# About this task:
Omit the pictures, and output the rest of the entries exactly as written.

# Input data:
== Segment start ==

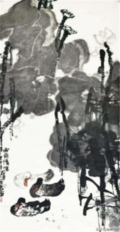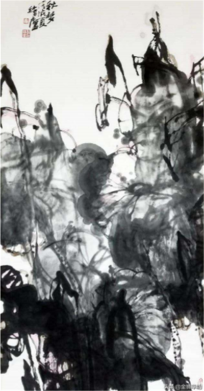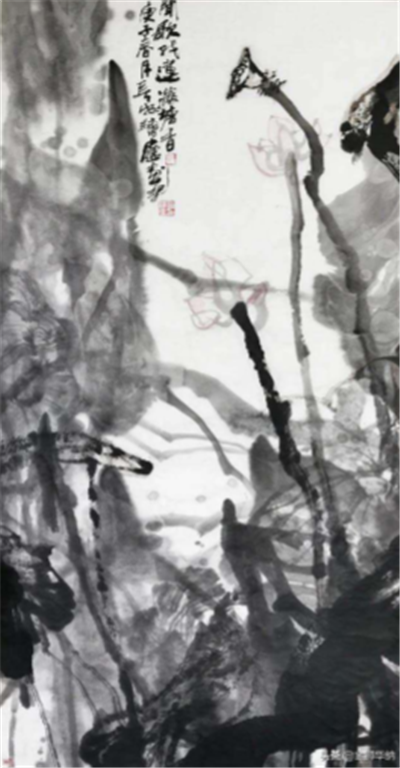 其中,《風搖荷花聽雨聲》這幅國畫作品令我記憶尤深,畫面尺寸為 180×96 厘米,整幅畫采用寫意手法,虛實相生,荷葉由近及遠,由實到虛,畫面色調(diào)以黑白為主,簡約又包容萬物,墨色濃淡有致,筆法干脆利落,含蓄中帶著一股蓄勢待發(fā)的張力,構圖飽滿,幾片荷葉占據(jù)了畫面的主要部分,在荷葉群中不時穿插幾朵荷花、蓮藕,荷葉的輪廓從前至后,由清晰至模糊,營造了一種水汽氤氳感,荷花隨風擺動,遠處的荷葉似乎和水面渾然融為一體的畫面,荷花與水色天光互為襯托,靈動生機,畫家將荷花人格化,以荷言志,贊賞荷花在雨中傲然挺立的高潔風骨,憐惜荷花飽受風雨的摧殘,以此為畫面精神支點,物我合一,從自然界植物的角度感受世間百態(tài),看著這幅畫,仿佛置身煙雨迷離,以游人眼光靜靜觀賞荷花搖曳之姿,在水墨流動中,體味傳統(tǒng)審美意象之氣脈,感受荷花的“出淤泥而不染,濯清漣而不妖”的淡泊雅致……
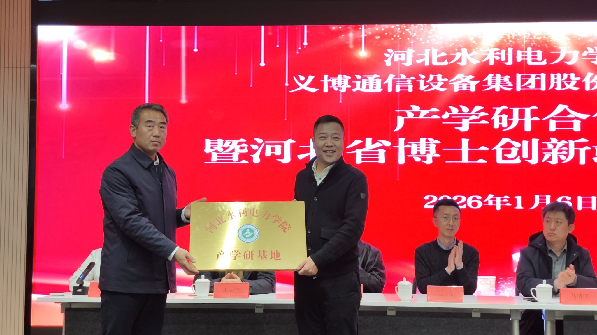 1月6日,我校与义博通信设备集团股份有限公司举行产学研合作暨河北省博士创新站揭牌仪式,标志着学校在深化产教融合、推动科技创新与产业发展深度融合方面迈出新步伐,也为自动化等优势学科专业的成果转化与人才培养搭建了重要平台。
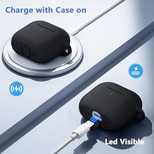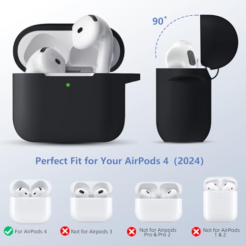 Maledan Case Compatible with AirPods 4 Case Cover 2024, Soft Silicone Full Body Protective Shockproof Case for Apple AirPods 4th Generation Case with Cleaner Kit&Carabiner [LED Visible],Black
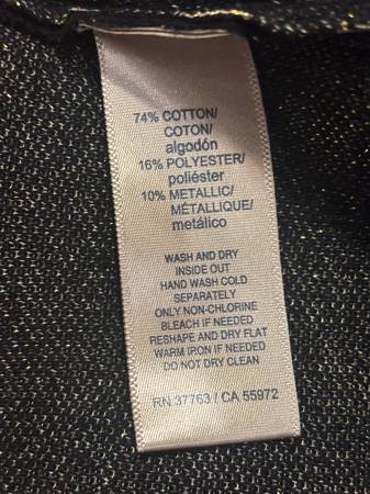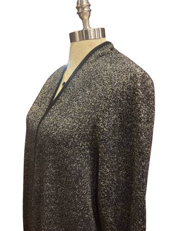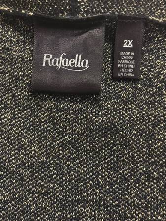 The Women’s Black & Gold Cardigan by Rafaella is a stylish and unique sweater designed for plus-size women. Made in a luxurious black and gold color scheme, this cardigan exudes a metallic theme that adds glamour to any outfit. The 2X size ensures a comfortable fit, while the sweater style offers a versatile and chic option for any wardrobe. Perfect for women looking to make a statement with their outerwear, this cardigan is a must-have piece for those who appreciate both fashion and quality. 74% cotton 16% polyester 10% metallic. 25 sleeves 19 shoulder 33.5 length.
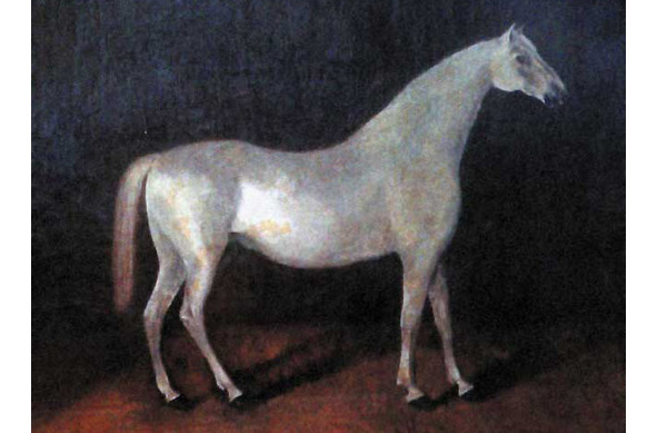 Арабский жеребец Сметанка. Картина крепостного художника конца XVIII века, предположительно Гавриила Васильева, Музей коневодства, Москва

== Segment end ==

# Result of this exercise:
 其中,《風搖荷花聽雨聲》這幅國畫作品令我記憶尤深,畫面尺寸為 180×96 厘米,整幅畫采用寫意手法,虛實相生,荷葉由近及遠,由實到虛,畫面色調(diào)以黑白為主,簡約又包容萬物,墨色濃淡有致,筆法干脆利落,含蓄中帶著一股蓄勢待發(fā)的張力,構圖飽滿,幾片荷葉占據(jù)了畫面的主要部分,在荷葉群中不時穿插幾朵荷花、蓮藕,荷葉的輪廓從前至后,由清晰至模糊,營造了一種水汽氤氳感,荷花隨風擺動,遠處的荷葉似乎和水面渾然融為一體的畫面,荷花與水色天光互為襯托,靈動生機,畫家將荷花人格化,以荷言志,贊賞荷花在雨中傲然挺立的高潔風骨,憐惜荷花飽受風雨的摧殘,以此為畫面精神支點,物我合一,從自然界植物的角度感受世間百態(tài),看著這幅畫,仿佛置身煙雨迷離,以游人眼光靜靜觀賞荷花搖曳之姿,在水墨流動中,體味傳統(tǒng)審美意象之氣脈,感受荷花的“出淤泥而不染,濯清漣而不妖”的淡泊雅致……
 1月6日,我校与义博通信设备集团股份有限公司举行产学研合作暨河北省博士创新站揭牌仪式,标志着学校在深化产教融合、推动科技创新与产业发展深度融合方面迈出新步伐,也为自动化等优势学科专业的成果转化与人才培养搭建了重要平台。
 Maledan Case Compatible with AirPods 4 Case Cover 2024, Soft Silicone Full Body Protective Shockproof Case for Apple AirPods 4th Generation Case with Cleaner Kit&Carabiner [LED Visible],Black
 The Women’s Black & Gold Cardigan by Rafaella is a stylish and unique sweater designed for plus-size women. Made in a luxurious black and gold color scheme, this cardigan exudes a metallic theme that adds glamour to any outfit. The 2X size ensures a comfortable fit, while the sweater style offers a versatile and chic option for any wardrobe. Perfect for women looking to make a statement with their outerwear, this cardigan is a must-have piece for those who appreciate both fashion and quality. 74% cotton 16% polyester 10% metallic. 25 sleeves 19 shoulder 33.5 length.
 Арабский жеребец Сметанка. Картина крепостного художника конца XVIII века, предположительно Гавриила Васильева, Музей коневодства, Москва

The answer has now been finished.